(Data records)
--- START ---

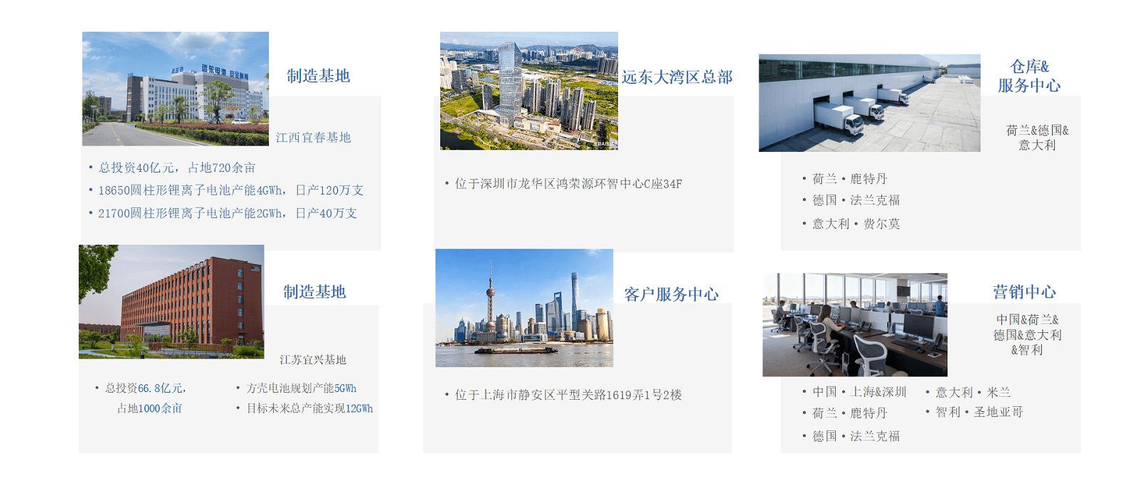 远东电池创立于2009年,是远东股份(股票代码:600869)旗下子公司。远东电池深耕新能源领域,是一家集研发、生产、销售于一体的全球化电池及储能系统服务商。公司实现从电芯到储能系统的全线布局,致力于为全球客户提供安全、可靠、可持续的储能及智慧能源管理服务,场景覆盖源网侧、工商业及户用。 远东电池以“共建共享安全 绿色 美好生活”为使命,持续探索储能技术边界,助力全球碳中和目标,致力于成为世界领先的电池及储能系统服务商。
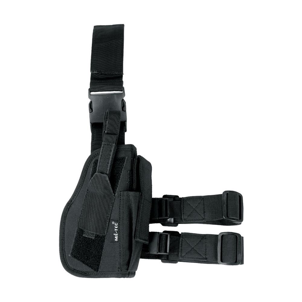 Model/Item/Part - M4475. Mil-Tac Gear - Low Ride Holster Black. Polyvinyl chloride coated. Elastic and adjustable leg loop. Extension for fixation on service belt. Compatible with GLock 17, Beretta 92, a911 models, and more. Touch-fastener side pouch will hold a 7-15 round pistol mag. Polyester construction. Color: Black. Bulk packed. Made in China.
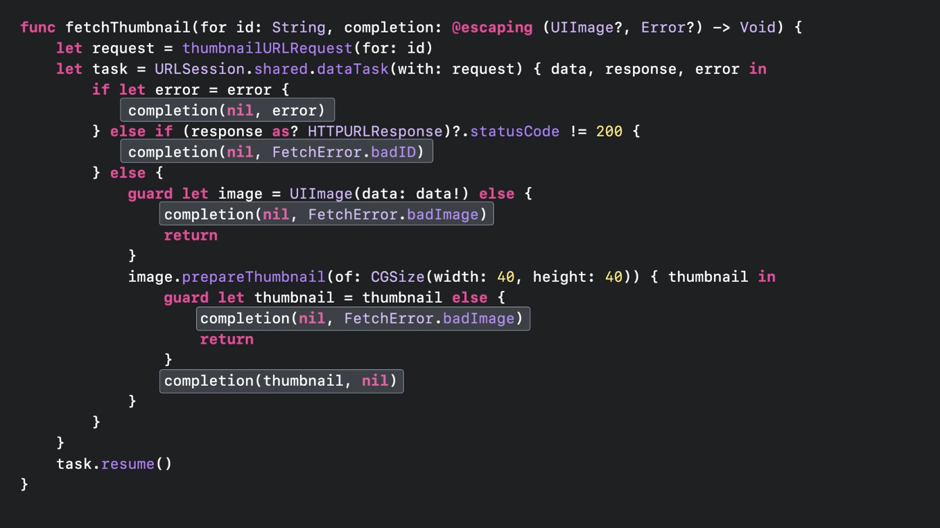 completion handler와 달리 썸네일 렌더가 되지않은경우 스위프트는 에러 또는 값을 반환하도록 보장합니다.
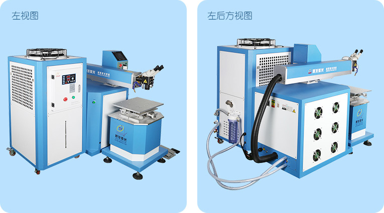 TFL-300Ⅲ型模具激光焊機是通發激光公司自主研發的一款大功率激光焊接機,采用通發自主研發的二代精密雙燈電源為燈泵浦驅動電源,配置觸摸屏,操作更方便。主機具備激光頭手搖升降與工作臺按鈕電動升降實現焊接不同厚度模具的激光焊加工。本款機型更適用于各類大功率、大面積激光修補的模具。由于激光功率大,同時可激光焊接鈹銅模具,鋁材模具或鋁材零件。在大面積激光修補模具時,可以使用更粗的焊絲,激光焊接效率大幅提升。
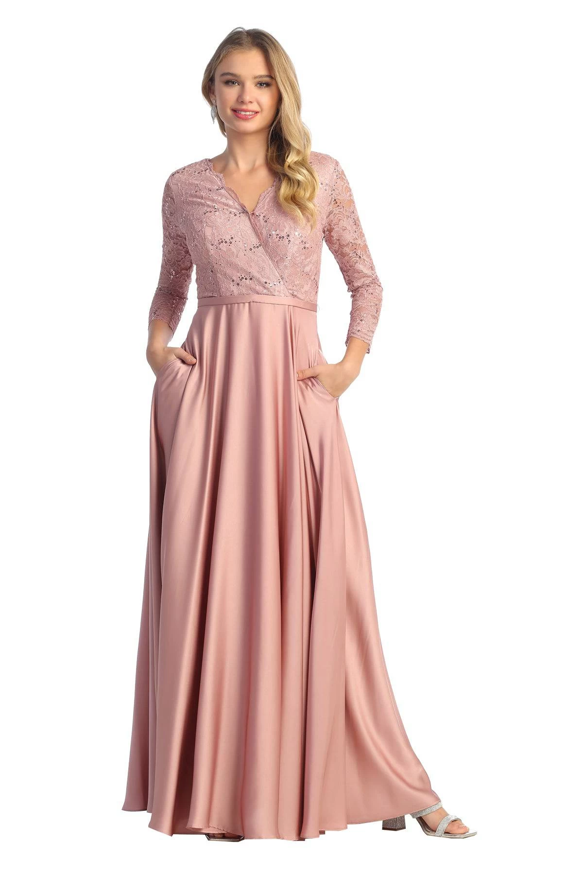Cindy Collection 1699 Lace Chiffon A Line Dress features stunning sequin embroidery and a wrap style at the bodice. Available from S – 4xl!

--- END ---

◆ Exercise aim ◆
Print again, exactly, the lines of the records above from the first line through the line with "completion handler와 달리". No pictures.

◆ Reply to the task ◆
 远东电池创立于2009年,是远东股份(股票代码:600869)旗下子公司。远东电池深耕新能源领域,是一家集研发、生产、销售于一体的全球化电池及储能系统服务商。公司实现从电芯到储能系统的全线布局,致力于为全球客户提供安全、可靠、可持续的储能及智慧能源管理服务,场景覆盖源网侧、工商业及户用。 远东电池以“共建共享安全 绿色 美好生活”为使命,持续探索储能技术边界,助力全球碳中和目标,致力于成为世界领先的电池及储能系统服务商。
 Model/Item/Part - M4475. Mil-Tac Gear - Low Ride Holster Black. Polyvinyl chloride coated. Elastic and adjustable leg loop. Extension for fixation on service belt. Compatible with GLock 17, Beretta 92, a911 models, and more. Touch-fastener side pouch will hold a 7-15 round pistol mag. Polyester construction. Color: Black. Bulk packed. Made in China.
 completion handler와 달리 썸네일 렌더가 되지않은경우 스위프트는 에러 또는 값을 반환하도록 보장합니다.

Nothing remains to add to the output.